### DIRECTIONS:
Pictures must be kept out of the copy. Every entry is to be duplicated exactly.

━━━━━ DATASET RECORDS ━━━━━

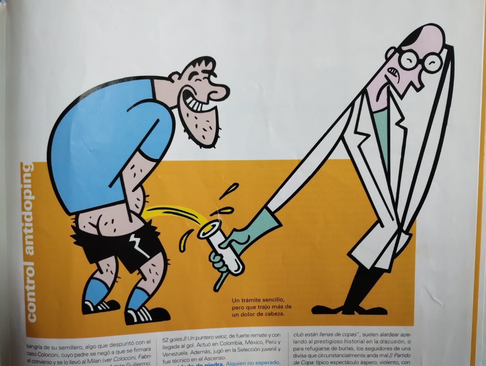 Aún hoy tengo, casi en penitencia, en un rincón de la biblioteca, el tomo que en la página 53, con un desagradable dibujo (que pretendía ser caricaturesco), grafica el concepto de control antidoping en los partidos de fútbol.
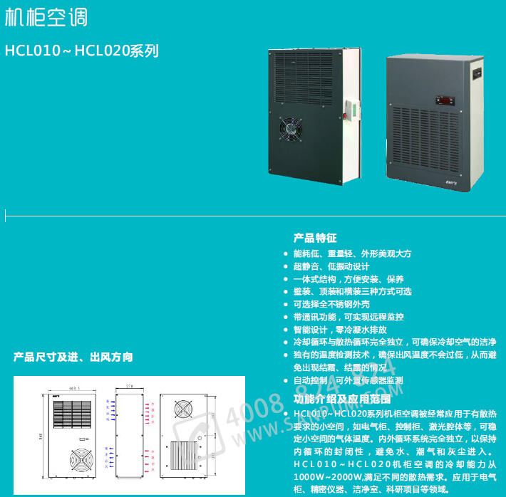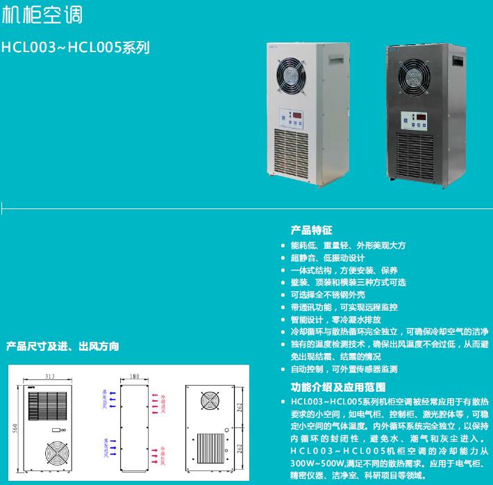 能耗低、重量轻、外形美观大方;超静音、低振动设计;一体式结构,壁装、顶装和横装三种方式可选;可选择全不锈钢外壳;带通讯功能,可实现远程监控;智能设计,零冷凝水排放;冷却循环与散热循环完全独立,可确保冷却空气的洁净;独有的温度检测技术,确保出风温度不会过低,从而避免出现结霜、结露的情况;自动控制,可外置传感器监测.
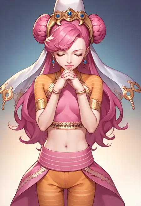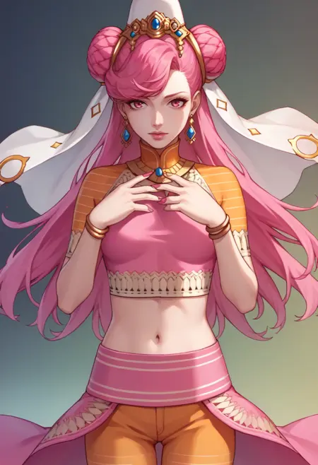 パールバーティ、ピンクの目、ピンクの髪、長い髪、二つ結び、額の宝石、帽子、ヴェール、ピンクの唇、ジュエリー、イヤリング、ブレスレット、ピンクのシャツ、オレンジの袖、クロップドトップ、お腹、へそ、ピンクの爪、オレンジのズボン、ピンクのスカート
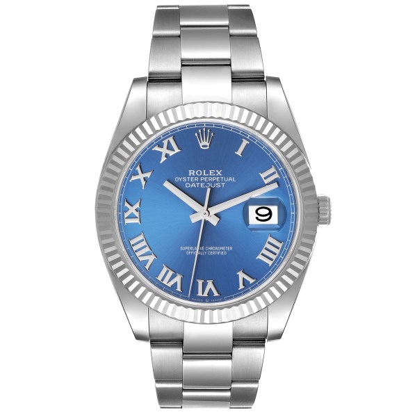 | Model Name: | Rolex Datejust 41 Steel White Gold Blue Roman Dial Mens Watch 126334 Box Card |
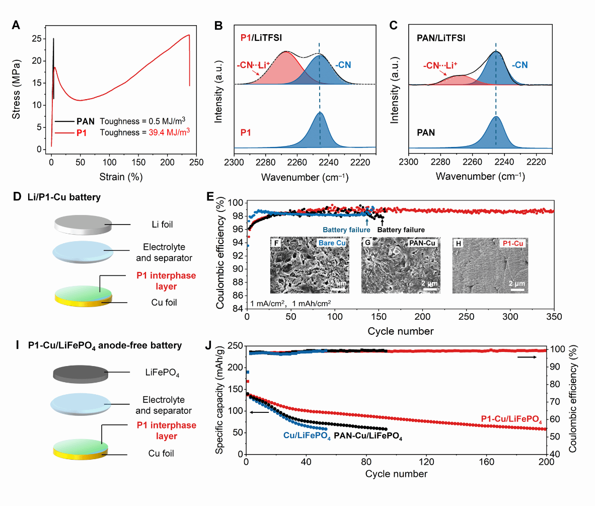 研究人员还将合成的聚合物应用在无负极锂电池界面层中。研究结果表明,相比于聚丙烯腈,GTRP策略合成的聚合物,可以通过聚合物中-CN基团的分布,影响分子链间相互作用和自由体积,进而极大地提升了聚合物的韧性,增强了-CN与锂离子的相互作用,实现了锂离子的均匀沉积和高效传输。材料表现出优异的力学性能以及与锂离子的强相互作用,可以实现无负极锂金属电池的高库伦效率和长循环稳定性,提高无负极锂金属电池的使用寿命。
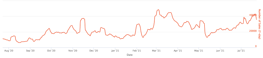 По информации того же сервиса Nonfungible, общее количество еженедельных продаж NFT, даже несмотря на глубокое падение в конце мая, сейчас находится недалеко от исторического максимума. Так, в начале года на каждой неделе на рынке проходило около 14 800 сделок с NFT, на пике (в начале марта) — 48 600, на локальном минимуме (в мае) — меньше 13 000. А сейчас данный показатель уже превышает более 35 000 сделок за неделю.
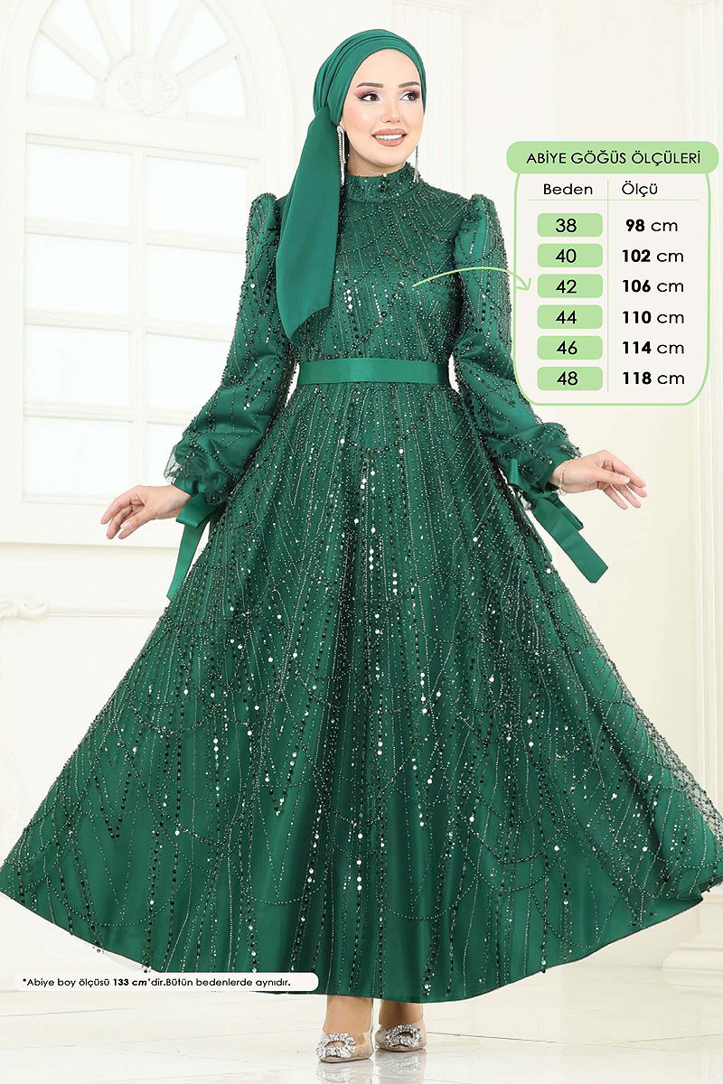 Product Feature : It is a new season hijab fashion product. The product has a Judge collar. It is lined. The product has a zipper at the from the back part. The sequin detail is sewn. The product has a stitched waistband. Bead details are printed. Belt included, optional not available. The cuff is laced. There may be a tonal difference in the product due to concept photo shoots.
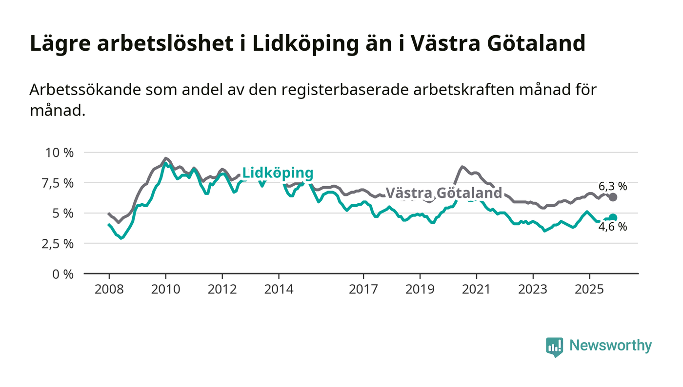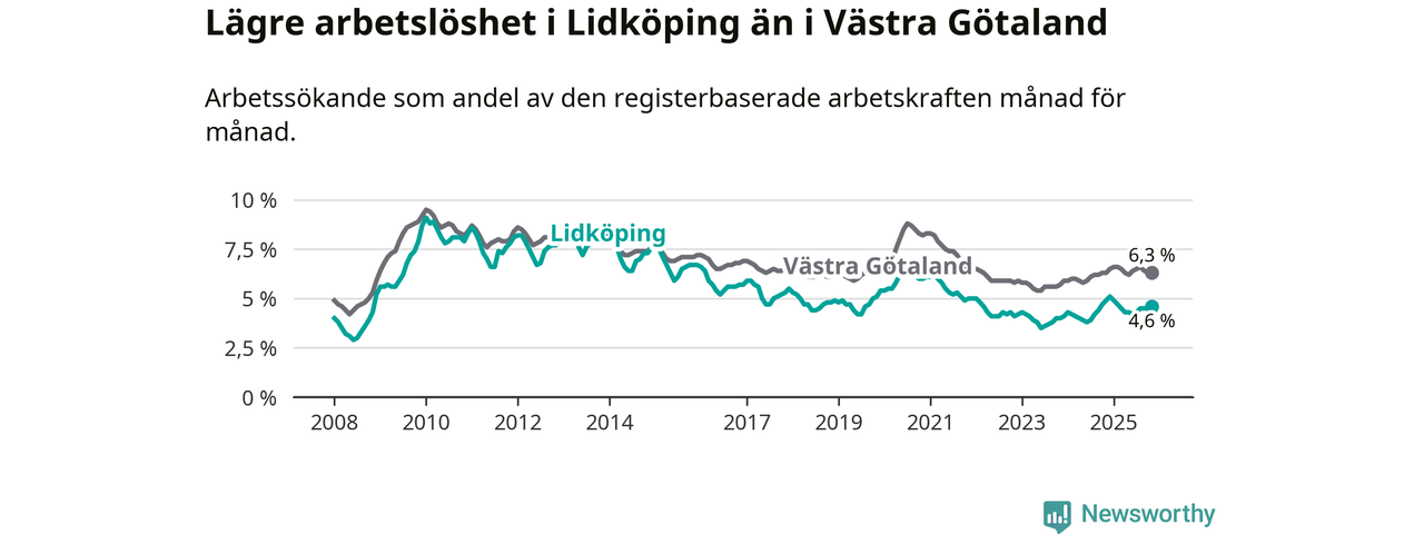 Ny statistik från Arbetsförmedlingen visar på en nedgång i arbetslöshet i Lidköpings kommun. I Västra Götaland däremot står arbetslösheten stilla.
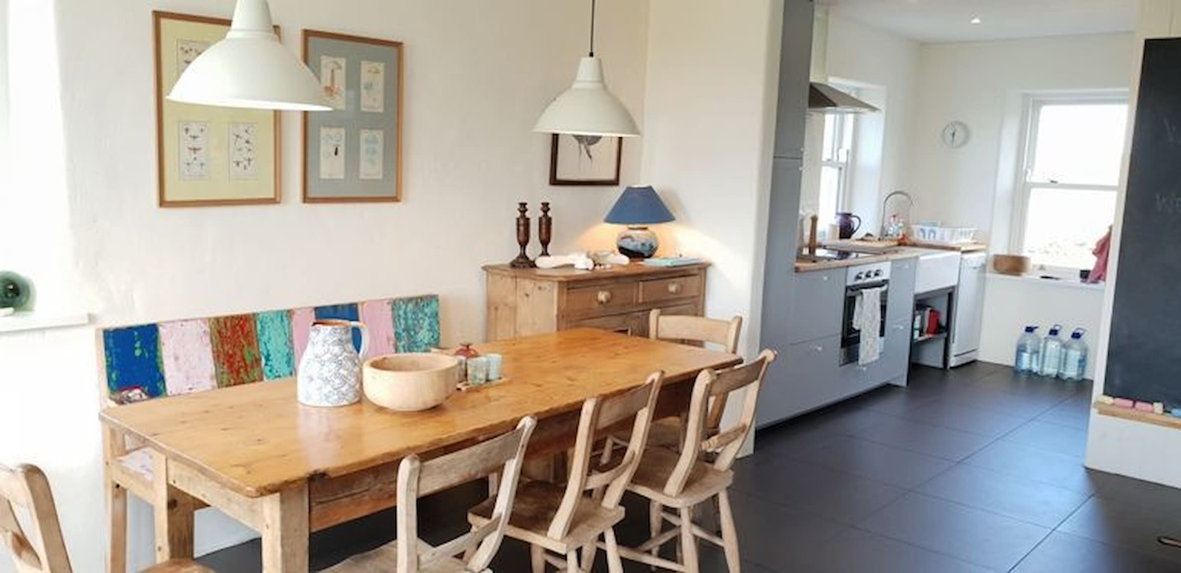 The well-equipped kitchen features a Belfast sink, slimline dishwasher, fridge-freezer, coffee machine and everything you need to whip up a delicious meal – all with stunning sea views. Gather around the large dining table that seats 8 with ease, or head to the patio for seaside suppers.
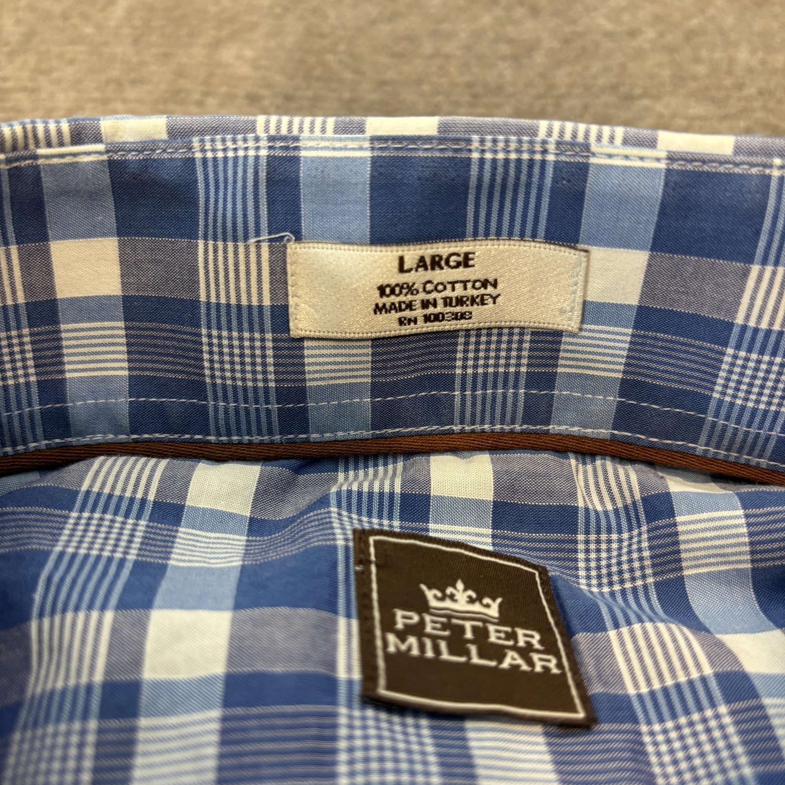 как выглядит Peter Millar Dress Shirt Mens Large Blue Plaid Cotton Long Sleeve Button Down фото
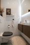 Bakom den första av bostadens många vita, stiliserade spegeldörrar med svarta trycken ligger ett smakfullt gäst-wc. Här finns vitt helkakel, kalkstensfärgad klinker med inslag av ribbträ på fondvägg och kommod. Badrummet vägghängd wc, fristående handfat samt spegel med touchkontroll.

━━━━━

### WRITTEN RESPONSE:
 Aún hoy tengo, casi en penitencia, en un rincón de la biblioteca, el tomo que en la página 53, con un desagradable dibujo (que pretendía ser caricaturesco), grafica el concepto de control antidoping en los partidos de fútbol.
 能耗低、重量轻、外形美观大方;超静音、低振动设计;一体式结构,壁装、顶装和横装三种方式可选;可选择全不锈钢外壳;带通讯功能,可实现远程监控;智能设计,零冷凝水排放;冷却循环与散热循环完全独立,可确保冷却空气的洁净;独有的温度检测技术,确保出风温度不会过低,从而避免出现结霜、结露的情况;自动控制,可外置传感器监测.
 パールバーティ、ピンクの目、ピンクの髪、長い髪、二つ結び、額の宝石、帽子、ヴェール、ピンクの唇、ジュエリー、イヤリング、ブレスレット、ピンクのシャツ、オレンジの袖、クロップドトップ、お腹、へそ、ピンクの爪、オレンジのズボン、ピンクのスカート
 | Model Name: | Rolex Datejust 41 Steel White Gold Blue Roman Dial Mens Watch 126334 Box Card |
 研究人员还将合成的聚合物应用在无负极锂电池界面层中。研究结果表明,相比于聚丙烯腈,GTRP策略合成的聚合物,可以通过聚合物中-CN基团的分布,影响分子链间相互作用和自由体积,进而极大地提升了聚合物的韧性,增强了-CN与锂离子的相互作用,实现了锂离子的均匀沉积和高效传输。材料表现出优异的力学性能以及与锂离子的强相互作用,可以实现无负极锂金属电池的高库伦效率和长循环稳定性,提高无负极锂金属电池的使用寿命。
 По информации того же сервиса Nonfungible, общее количество еженедельных продаж NFT, даже несмотря на глубокое падение в конце мая, сейчас находится недалеко от исторического максимума. Так, в начале года на каждой неделе на рынке проходило около 14 800 сделок с NFT, на пике (в начале марта) — 48 600, на локальном минимуме (в мае) — меньше 13 000. А сейчас данный показатель уже превышает более 35 000 сделок за неделю.
 Product Feature : It is a new season hijab fashion product. The product has a Judge collar. It is lined. The product has a zipper at the from the back part. The sequin detail is sewn. The product has a stitched waistband. Bead details are printed. Belt included, optional not available. The cuff is laced. There may be a tonal difference in the product due to concept photo shoots.
 Ny statistik från Arbetsförmedlingen visar på en nedgång i arbetslöshet i Lidköpings kommun. I Västra Götaland däremot står arbetslösheten stilla.
 The well-equipped kitchen features a Belfast sink, slimline dishwasher, fridge-freezer, coffee machine and everything you need to whip up a delicious meal – all with stunning sea views. Gather around the large dining table that seats 8 with ease, or head to the patio for seaside suppers.
 как выглядит Peter Millar Dress Shirt Mens Large Blue Plaid Cotton Long Sleeve Button Down фото
 Bakom den första av bostadens många vita, stiliserade spegeldörrar med svarta trycken ligger ett smakfullt gäst-wc. Här finns vitt helkakel, kalkstensfärgad klinker med inslag av ribbträ på fondvägg och kommod. Badrummet vägghängd wc, fristående handfat samt spegel med touchkontroll.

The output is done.